**WHAT YOU NEED TO DO**
Below is some data. Retype exactly the lines starting at the one with "Home grown domestic" and ending at the one with "Korean Air កំពុងត្រូវការជ្រើសរើសបុគ្គលិកច្រើនផ្នែក".

═══ ENTRIES SHOWN ═══

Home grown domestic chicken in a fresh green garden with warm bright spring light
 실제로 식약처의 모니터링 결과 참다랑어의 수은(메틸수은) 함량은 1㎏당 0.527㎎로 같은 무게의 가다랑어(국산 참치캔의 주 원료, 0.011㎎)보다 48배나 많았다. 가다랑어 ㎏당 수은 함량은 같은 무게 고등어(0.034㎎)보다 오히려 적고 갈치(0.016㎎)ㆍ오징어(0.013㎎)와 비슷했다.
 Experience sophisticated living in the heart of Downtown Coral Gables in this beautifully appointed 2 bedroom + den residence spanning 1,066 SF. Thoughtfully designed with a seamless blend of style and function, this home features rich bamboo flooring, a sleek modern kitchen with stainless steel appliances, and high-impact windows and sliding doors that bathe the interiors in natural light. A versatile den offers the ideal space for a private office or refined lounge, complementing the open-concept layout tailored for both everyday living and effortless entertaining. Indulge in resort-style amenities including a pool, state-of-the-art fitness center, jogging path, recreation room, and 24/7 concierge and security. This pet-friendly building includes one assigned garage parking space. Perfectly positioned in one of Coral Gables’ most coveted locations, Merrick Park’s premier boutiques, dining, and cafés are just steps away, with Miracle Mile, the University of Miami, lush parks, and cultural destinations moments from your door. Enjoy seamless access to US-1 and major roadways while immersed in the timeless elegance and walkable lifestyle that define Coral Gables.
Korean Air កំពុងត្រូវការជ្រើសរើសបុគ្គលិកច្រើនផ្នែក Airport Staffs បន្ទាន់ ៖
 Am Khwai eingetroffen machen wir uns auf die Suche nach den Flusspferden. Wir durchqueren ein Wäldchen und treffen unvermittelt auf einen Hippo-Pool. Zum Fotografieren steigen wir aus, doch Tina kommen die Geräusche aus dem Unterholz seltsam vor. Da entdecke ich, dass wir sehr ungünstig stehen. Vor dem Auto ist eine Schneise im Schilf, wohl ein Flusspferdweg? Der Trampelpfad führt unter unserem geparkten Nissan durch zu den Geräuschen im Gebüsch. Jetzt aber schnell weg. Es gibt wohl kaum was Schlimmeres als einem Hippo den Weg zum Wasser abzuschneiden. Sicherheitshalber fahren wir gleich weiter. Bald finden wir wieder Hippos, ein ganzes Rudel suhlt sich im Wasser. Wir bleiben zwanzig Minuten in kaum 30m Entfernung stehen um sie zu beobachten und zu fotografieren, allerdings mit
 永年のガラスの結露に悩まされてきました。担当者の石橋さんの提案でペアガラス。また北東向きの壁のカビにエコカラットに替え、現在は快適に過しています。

═══
═══ ENTRIES SHOWN ═══

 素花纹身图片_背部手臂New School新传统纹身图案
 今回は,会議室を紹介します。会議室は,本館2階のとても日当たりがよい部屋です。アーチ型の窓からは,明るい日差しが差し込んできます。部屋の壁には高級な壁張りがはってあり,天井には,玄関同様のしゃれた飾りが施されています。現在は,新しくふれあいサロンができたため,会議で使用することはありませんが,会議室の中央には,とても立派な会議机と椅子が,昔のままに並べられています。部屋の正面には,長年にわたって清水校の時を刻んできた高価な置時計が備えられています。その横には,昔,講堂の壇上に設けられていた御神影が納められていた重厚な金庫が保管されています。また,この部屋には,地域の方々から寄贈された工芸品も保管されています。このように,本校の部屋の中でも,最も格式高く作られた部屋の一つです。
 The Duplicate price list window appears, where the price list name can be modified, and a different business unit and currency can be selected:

═══

**SOLVED PROBLEM**
Home grown domestic chicken in a fresh green garden with warm bright spring light
 실제로 식약처의 모니터링 결과 참다랑어의 수은(메틸수은) 함량은 1㎏당 0.527㎎로 같은 무게의 가다랑어(국산 참치캔의 주 원료, 0.011㎎)보다 48배나 많았다. 가다랑어 ㎏당 수은 함량은 같은 무게 고등어(0.034㎎)보다 오히려 적고 갈치(0.016㎎)ㆍ오징어(0.013㎎)와 비슷했다.
 Experience sophisticated living in the heart of Downtown Coral Gables in this beautifully appointed 2 bedroom + den residence spanning 1,066 SF. Thoughtfully designed with a seamless blend of style and function, this home features rich bamboo flooring, a sleek modern kitchen with stainless steel appliances, and high-impact windows and sliding doors that bathe the interiors in natural light. A versatile den offers the ideal space for a private office or refined lounge, complementing the open-concept layout tailored for both everyday living and effortless entertaining. Indulge in resort-style amenities including a pool, state-of-the-art fitness center, jogging path, recreation room, and 24/7 concierge and security. This pet-friendly building includes one assigned garage parking space. Perfectly positioned in one of Coral Gables’ most coveted locations, Merrick Park’s premier boutiques, dining, and cafés are just steps away, with Miracle Mile, the University of Miami, lush parks, and cultural destinations moments from your door. Enjoy seamless access to US-1 and major roadways while immersed in the timeless elegance and walkable lifestyle that define Coral Gables.
Korean Air កំពុងត្រូវការជ្រើសរើសបុគ្គលិកច្រើនផ្នែក Airport Staffs បន្ទាន់ ៖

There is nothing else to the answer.